A reflection on love
As you may know, in my opinion the greatest novel ever written in English is James Joyce's Ulysses. People often lie and say "Oh, yes, I've read it." I'm not lying when I say I've read it three times. Every reading reveals new layers, new meanings.
The novel speaks to our fractured times, as it focuses on two outsiders to bigoted mainstream society: the atheist artist Stephen Dedalus, and the Irish Jew Leopold Bloom.
The book has so many passages of exquisite beauty that it would be hard to pin down a section which speaks to the heart of the matter. But if any passage does encapsulate the book, it's this one. Bloom is in a pub confronted by antisemites, after another fruitless day trying to sell advertising for a local newspaper. The discussion gets heated, until Bloom, "limp as a wet rag," collapses and gives his cri de couer
All political ideologies and statements, all grand utopian visions, tremble at this simple formulation.—But it's no use, says he. Force, hatred, history, all that. That's not life for men and women, insult and hatred. And everybody knows that it's the very opposite of that that is really life.—What? says Alf.—Love, says Bloom. I mean the opposite of hatred.
We are in the midst of a time when "insult and hatred" seem to abound. Where those seeking power do so by scorching the earth beneath their enemies' feet. We have a soi disant president who uses the worst rhetoric of twentieth century dictators, seeking to divide citizens one from another in an increasingly desperate effort to maintain power. We see fearful electorates across the Western world, afraid of change, seeking solace in a history in which things were "right". Alf, Bloom's antagonist in that chapter, is a narrow-minded, nationalistic bigot. He is exactly the type of person being catered to by our political moment.
But, as Bloom says, that's no life for men and women. It's the kind of life which has kept humanity in the dark for its entire history on this world. War, violence, rape, death: Those are the consequences of elevating the values which create the leaders which have been typical of humanity for thousands of years: the conquerors, the powers and principalities. It's led to nothing but cycles of destruction and rebuilding, like the Hindu cycle of birth, death, and rebirth, living and failing to learn the same lessons over and over again.
The cognoscenti will and have scoffed at Bloom's statement. But they do so because they're so invested in the cycle which Bloom, and by extension his creator Joyce, is trying to escape from. As a Jew, Bloom knows all too well what awaits those like him in this world of force and hatred. It's the weak who get it in the neck, as scapegoats must be found, as human offerings are made to appease Moloch. For them, love isn't some woolly-headed idea; it may be the only thing which keeps them alive.

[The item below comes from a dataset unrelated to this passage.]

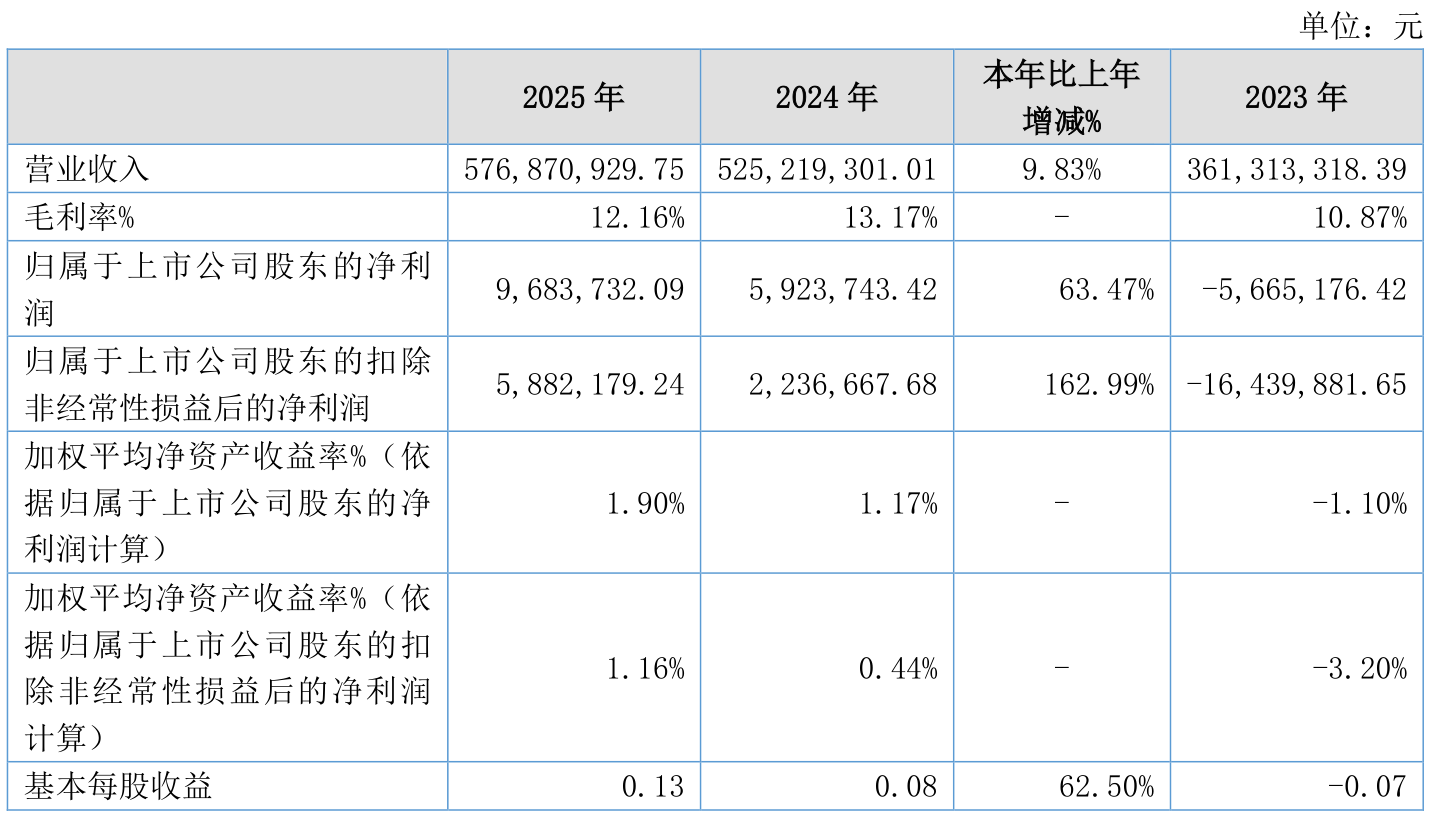 中证智能财讯晶赛科技(920981)3月19日披露2025年年度报告。2025年,公司实现营业总收入5.77亿元,同比增长9.83%;归母净利润968.37万元,同比增长63.47%;扣非净利润588.22万元,同比增长162.99%;经营活动产生的现金流量净额为8154.11万元,同比增长537.48%;报告期内,晶赛科技基本每股收益为0.13元,加权平均净资产收益率为1.90%。

It's the idea which animated Martin Luther King, Jr. One can't meet hatred with hatred and expect to come away unscathed.
I don't know how, but somehow humanity has to extricate itself from this neverending, destructive cycle. The "realists" aver that conflict is what produces human greatness. That from war, new flowers bloom. But how many flowers are cut down? How many more would bloom if they weren't faced with the threat of violent death? The people who say that haven't spoken with survivors of war. War is abstracted, violence is a cleansing.

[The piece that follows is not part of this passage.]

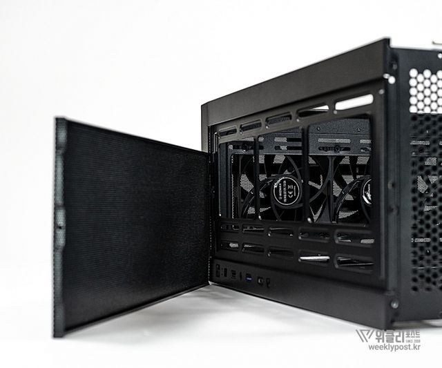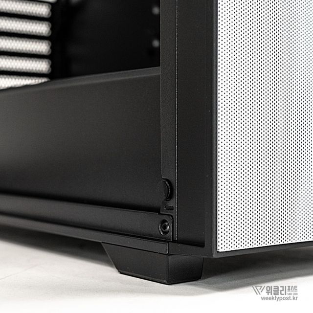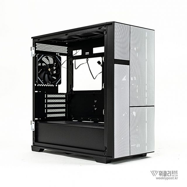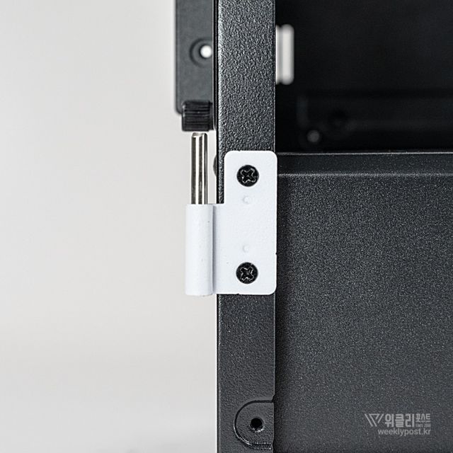 측면 패널에는 마그네틱 스윙 도어 디자인이 적용됐다. 힌지 방식의 강화유리는 문처럼 여닫을 수 있어 PC 내부 접근이 쉽고 빠르며, 일체형 손잡이 설계와 자석(마그네틱) 방식으로 번거로움을 줄였다. 또한, 케이스 4면 모두 도구 없이 손만으로 탈부착 가능하도록 설계되어 조립이나 부품 교체 시 편의성이 뛰어나다. 힌지, 핸드나사, 스냅 버튼 방식의 분리형 패널이 적용되어 유지보수 과정도 간편하다.

On this Valentine's Day, we could do worse than reflect on how we can replace hatred with love. And by this, I don't mean we have to be passive, or submit ourselves to oppression. But at some point we have to break the cycle. It's the difference between the peace imposed on Germany after the First World War, and the rebuilding spearheaded by the US after World War II. We have to rebuild the human community, or it shall surely perish.